Czytaj

arrow pointing down

Iwona Białynicka-Birula – interview 2: working in AI in the USA

An interview with AI expert Iwona Białynicka-Birula, whose experience spans eBay, Google and Facebook. We discuss what working in artificial intelligence looks like in the USA.

💡 This is the second part of the interview with Iwona Białynicka-Birula. Read the first interview here – click.

Previously, we discussed Iwona's life experiences. In this interview, we focus on what it is like to work with artificial intelligence in the USA.

Watch and listen to the full interview on YouTube:

You can also listen on podcast platforms:

Interview

[Ziemowit Buchalski]: And what were your experiences at Facebook, since you worked there too?

[Iwona Białynicka-Birula]: Yes, at Facebook, I worked mainly on Marketplace. Facebook Marketplace is a very popular product—I heard it is in Poland as well. My task was cataloging, essentially introducing structure to all those listings on Facebook Marketplace. Because, as is well known, a person posting an ad on Facebook Marketplace often doesn't provide any category, anything. They take a photo, write some description. Sometimes they just write: "For sale." It's very hard then to create a catalog of all these products and understand that these are similar products and those are not. So, I created a system there that automatically analyzed all these ads and organized them into a hierarchy with categories, subcategories, attributes, and so on.

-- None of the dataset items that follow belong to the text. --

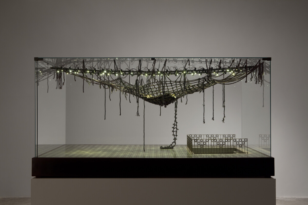 2015 Vidrio, madera, cuerda de algodón, pintura al óleo sobre cobre, bronce, luz LED 85 x 114 x 27 cm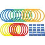 好きなコースをつくってケンケンパをしよう。材質:PE。サイズ:リング:外径275mm、内径235mm。セット内容:赤・青・黄・緑・オレンジ 各色4 計20、ジョイントパーツ×20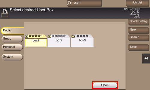 En este ejemplo, se utiliza la carpeta de usuario pública para fines explicativos. Para utilizar una carpeta de usuario personal o una carpeta de usuario de grupo, toque [Privada] o [Grupo] y seleccione la carpeta de usuario deseada.

Later, for a while, I dealt with video ranking, specifically music videos, which I don't think are available in Poland. You have to pay those recording companies. However, in the States, we had licenses to distribute those music videos. And we had to put them into all those feeds intelligently so they would interest people. We had to understand what kind of music taste someone had. And that was interesting because I learned a bit about how a newsfeed ranking algorithm works—it's quite controversial. Some people believe it even harms mental health.

You trained models to increase the viewership specifically of music. That was your defined task—artificial intelligence, but not generative, just deep learning.

Yes, that was before the boom of generative AI. I think a lot would have changed now as a result, because in Meta, there was a lot of... well, maybe not in ranking. In ranking, we had a lot of organic data because we knew who clicks on what and who likes what, so there was no shortage of data for doing supervised learning. However, in something like Marketplace, for example, it was very much lacking because we didn't have those products tagged with categories or attributes. Facebook employed masses, tens of thousands of people, who made such labels, mostly for moderation—meaning making sure someone didn't write something nasty or illegal. They watch those posts all day and tag them if there is terrorism, hate speech, or something like that. However, in Marketplace, we only had access to a small percentage—for example, 10,000 man-hours a week—and they tagged all those data for supervised learning. I think now at Meta—and the reason why Meta invests so much in their own models, LLaMA—is that they can probably replace much of that work with a model that will automatically label it and thus produce data for machine learning.

There is an episode on our channel, where, two months ago, I made a simple automation where, based on a single photo and thanks to the use of the GPT Vision model, it's possible to prepare sales content. You take a photo, the model detects what's in the photo, thinks of people for whom such a thing might have some value or meaning, and then thinks of what they could achieve with it and writes the ad content for that. So, it does much, much more than the task you were performing. However, that's probably a five-year difference in technology, and today such categorization is probably one line written in Python, and it would happen better or worse.

But regarding the scale—you mentioned that sometimes the work of tens of thousands of people was used to prepare data for models. But surely the organization of work in a project like Facebook must have been appropriately organized? Were there AB tests, or how did that happen? If you could tell us.

Yes, basically everything at Facebook, and later at Meta, happens based—even to an extreme—on so-called AB tests. This consists of testing every system feature using a controlled experiment. So, let's say we want to decide if a button should be blue or green; we divide our users randomly into two groups. One group gets the green button, one gets blue, and that experiment runs for, say, a week. Facebook has a lot of users, billions, so a lot of data can be collected in a short time. Then we compare those two populations: who spent more time on Facebook, who liked more, who clicked more, who watched videos longer. All the data we care about. Then—and this is very important—we measure statistical significance, meaning to what extent we are convinced that the result we saw did not occur randomly. Because obviously, if the population is small, someone might just happen to watch more by chance, and that could affect the difference. However, with large numbers, the probability that what we observe happened accidentally decreases, and we gain more confidence that the result is truly caused by that difference in button color.

In the case of your projects and the changes you made, how large were those samples and the populations being tested?

Well, it depends, because Facebook Marketplace itself, for example, is available in many countries, but often we focus on a subset of the population, and even then, there were always so many users. However, in the largest amount, it's actually that 1 billion or 3 billion—depends on how you count—Facebook users that you can experiment on.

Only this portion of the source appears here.